## Task statement
The answer must consist only of the lines in the records below from the line with "- 예를 들어 N = 123" to the line with "在成都龙泉驿洛带古镇,每年七月举行的水龙节已是盛行已久的客家风俗之一。", both included, copied word for word with every picture left out.

## Records for the exercise
········

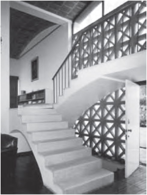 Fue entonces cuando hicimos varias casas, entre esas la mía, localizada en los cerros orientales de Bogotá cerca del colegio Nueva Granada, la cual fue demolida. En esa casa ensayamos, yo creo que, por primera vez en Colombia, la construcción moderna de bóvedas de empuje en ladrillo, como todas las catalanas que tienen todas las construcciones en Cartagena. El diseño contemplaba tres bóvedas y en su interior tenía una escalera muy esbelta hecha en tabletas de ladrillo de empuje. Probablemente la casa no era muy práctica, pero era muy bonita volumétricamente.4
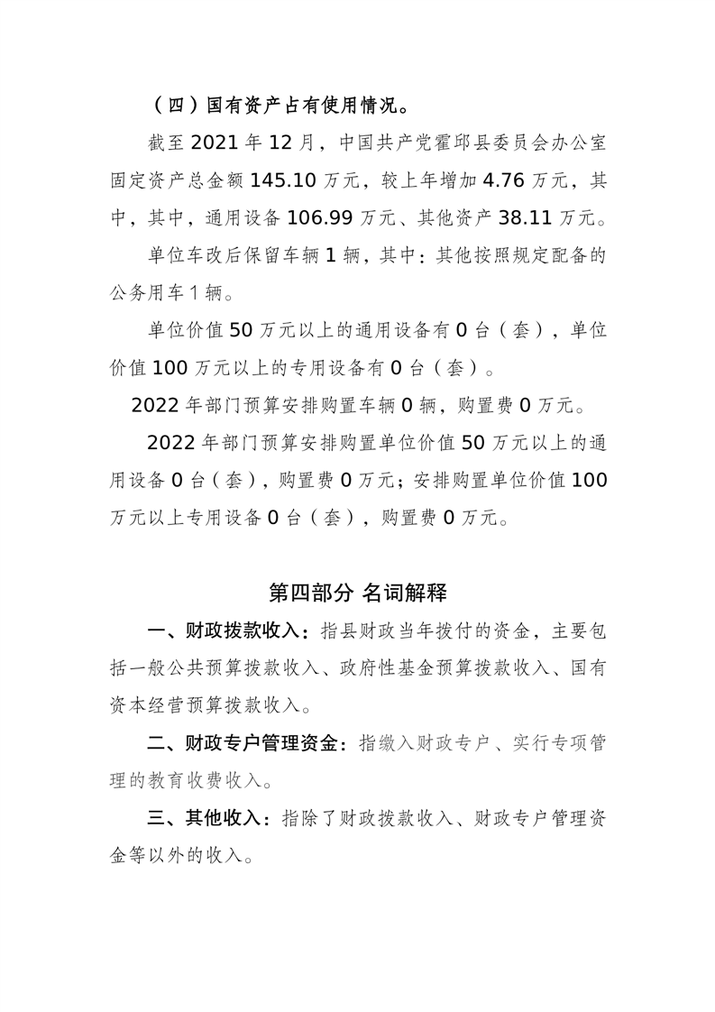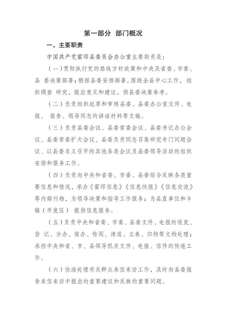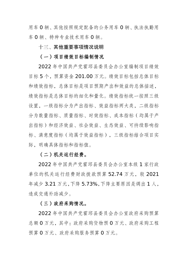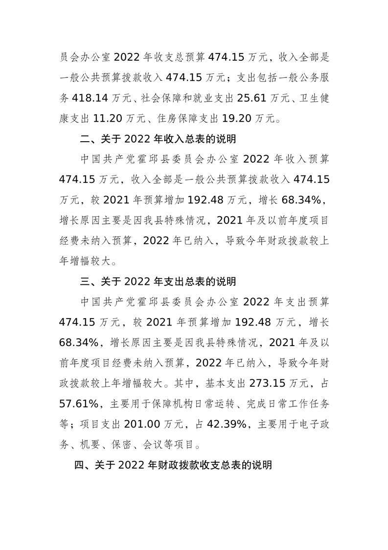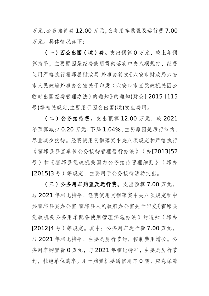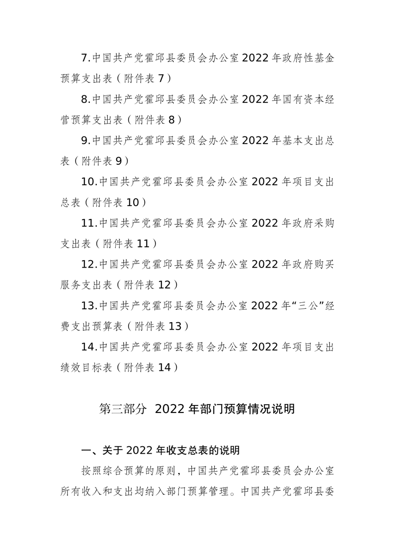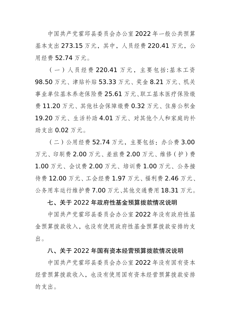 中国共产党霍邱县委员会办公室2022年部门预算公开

········

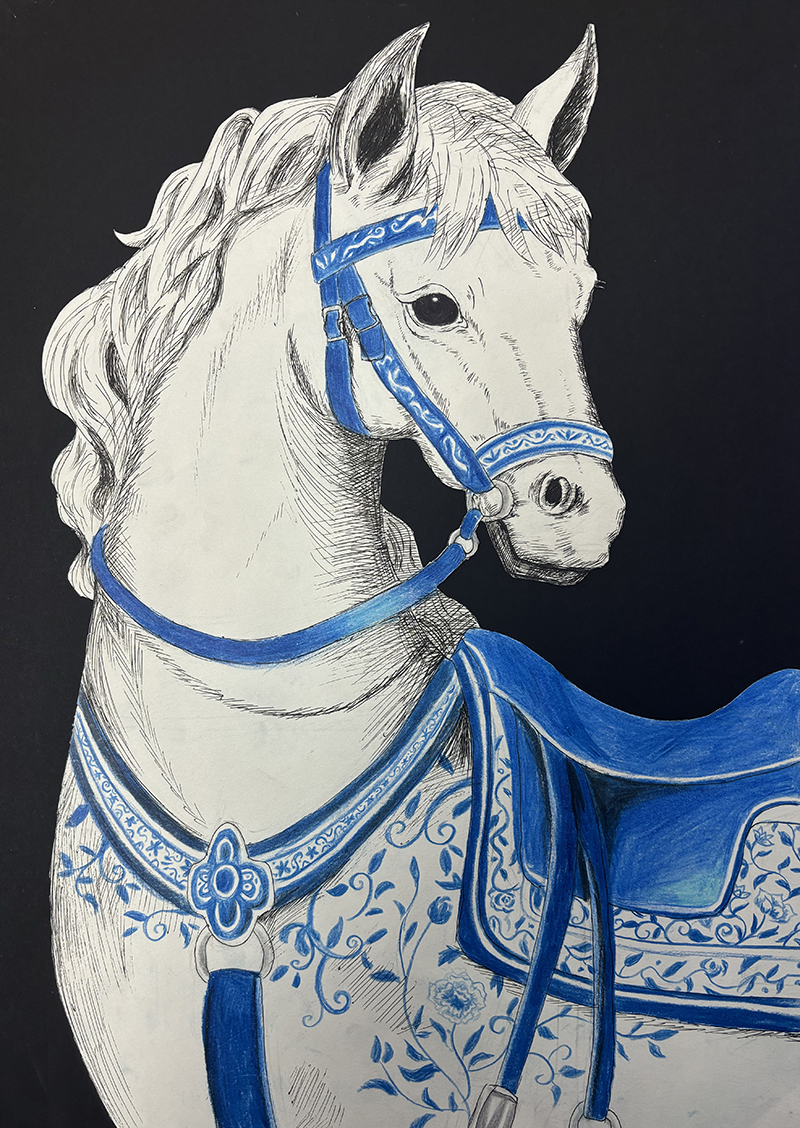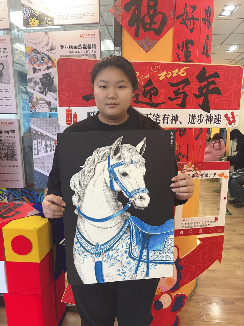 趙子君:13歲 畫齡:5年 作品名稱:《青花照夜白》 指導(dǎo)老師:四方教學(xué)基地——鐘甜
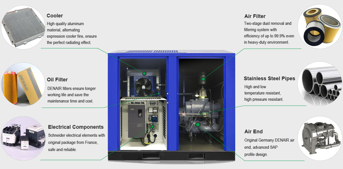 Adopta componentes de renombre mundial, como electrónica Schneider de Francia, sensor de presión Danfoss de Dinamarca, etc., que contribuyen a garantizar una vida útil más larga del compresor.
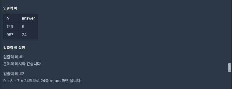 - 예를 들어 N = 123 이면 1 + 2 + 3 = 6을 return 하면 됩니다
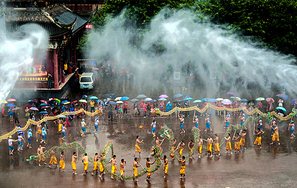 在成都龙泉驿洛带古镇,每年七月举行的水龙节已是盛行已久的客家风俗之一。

········

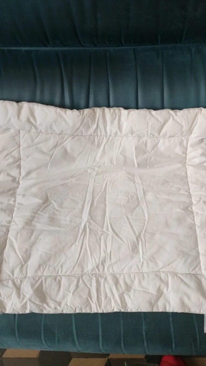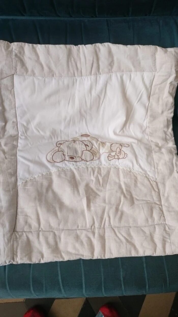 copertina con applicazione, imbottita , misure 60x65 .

········

## Written solution
 - 예를 들어 N = 123 이면 1 + 2 + 3 = 6을 return 하면 됩니다
 在成都龙泉驿洛带古镇,每年七月举行的水龙节已是盛行已久的客家风俗之一。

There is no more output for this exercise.